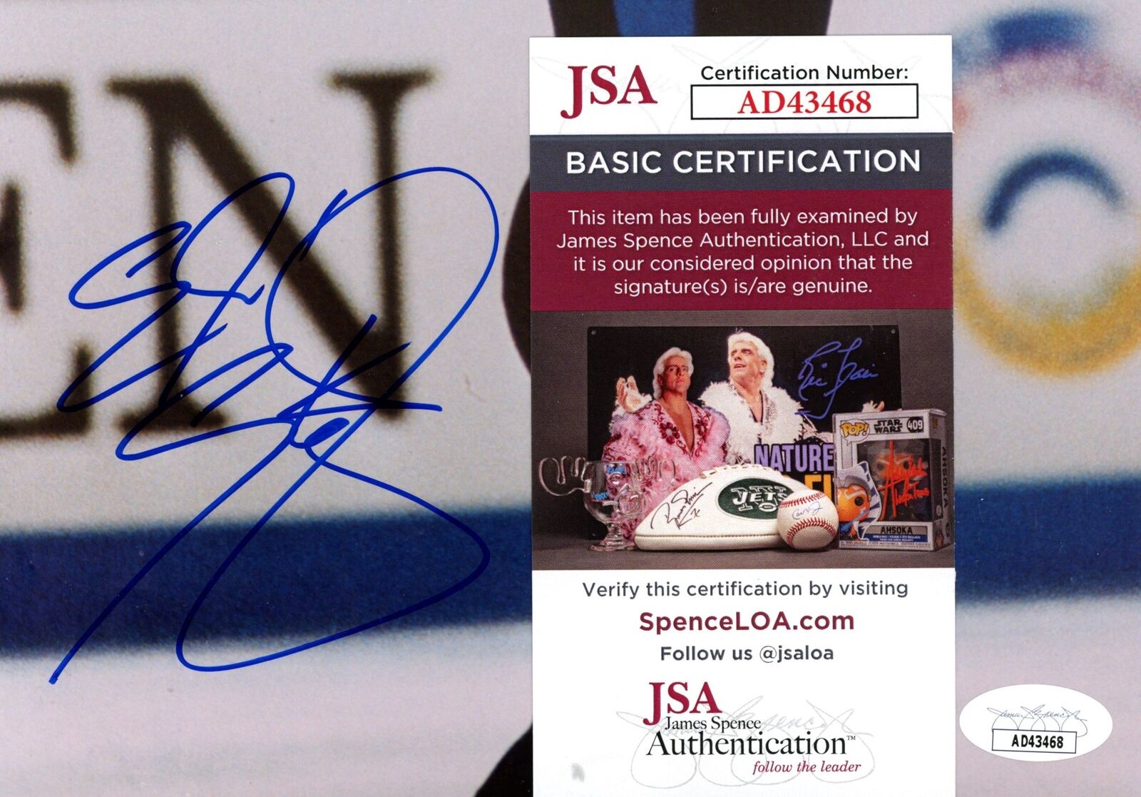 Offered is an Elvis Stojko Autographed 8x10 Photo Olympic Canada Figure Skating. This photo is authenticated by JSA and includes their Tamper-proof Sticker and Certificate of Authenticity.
══════════
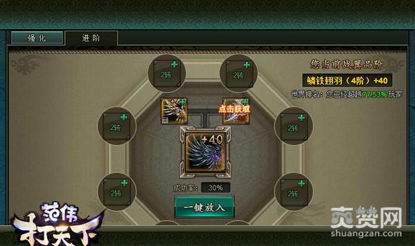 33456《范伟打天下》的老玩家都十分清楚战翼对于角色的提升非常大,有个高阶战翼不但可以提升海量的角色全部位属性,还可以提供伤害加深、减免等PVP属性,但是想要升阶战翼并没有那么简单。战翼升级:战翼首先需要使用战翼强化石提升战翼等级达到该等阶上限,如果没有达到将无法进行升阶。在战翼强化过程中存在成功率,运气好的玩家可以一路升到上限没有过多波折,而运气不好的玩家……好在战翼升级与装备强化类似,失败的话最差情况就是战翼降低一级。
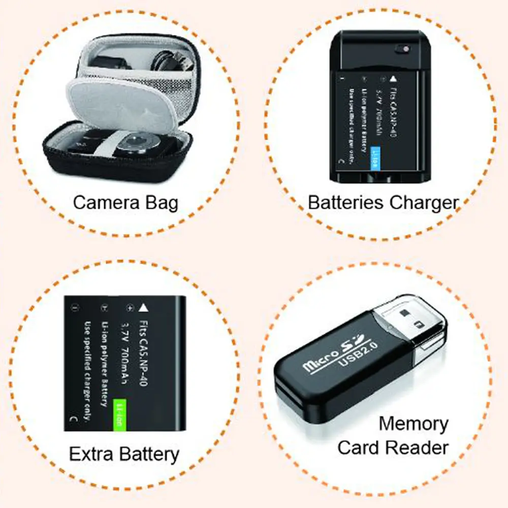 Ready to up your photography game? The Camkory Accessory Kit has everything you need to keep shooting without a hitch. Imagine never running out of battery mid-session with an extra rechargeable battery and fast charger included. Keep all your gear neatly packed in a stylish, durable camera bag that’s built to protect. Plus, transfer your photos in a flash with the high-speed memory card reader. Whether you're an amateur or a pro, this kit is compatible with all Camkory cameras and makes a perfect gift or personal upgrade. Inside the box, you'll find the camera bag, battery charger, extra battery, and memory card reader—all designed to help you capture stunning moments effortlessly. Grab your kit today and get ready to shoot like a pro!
══════════
## ASSIGNMENT
Print exactly, with no pictures, the lines above from the one that holds "33456《范伟打天下》的老" through the one that holds "Ready to up", both of them included.

## OUTPUT FOR THIS TASK
 33456《范伟打天下》的老玩家都十分清楚战翼对于角色的提升非常大,有个高阶战翼不但可以提升海量的角色全部位属性,还可以提供伤害加深、减免等PVP属性,但是想要升阶战翼并没有那么简单。战翼升级:战翼首先需要使用战翼强化石提升战翼等级达到该等阶上限,如果没有达到将无法进行升阶。在战翼强化过程中存在成功率,运气好的玩家可以一路升到上限没有过多波折,而运气不好的玩家……好在战翼升级与装备强化类似,失败的话最差情况就是战翼降低一级。
 Ready to up your photography game? The Camkory Accessory Kit has everything you need to keep shooting without a hitch. Imagine never running out of battery mid-session with an extra rechargeable battery and fast charger included. Keep all your gear neatly packed in a stylish, durable camera bag that’s built to protect. Plus, transfer your photos in a flash with the high-speed memory card reader. Whether you're an amateur or a pro, this kit is compatible with all Camkory cameras and makes a perfect gift or personal upgrade. Inside the box, you'll find the camera bag, battery charger, extra battery, and memory card reader—all designed to help you capture stunning moments effortlessly. Grab your kit today and get ready to shoot like a pro!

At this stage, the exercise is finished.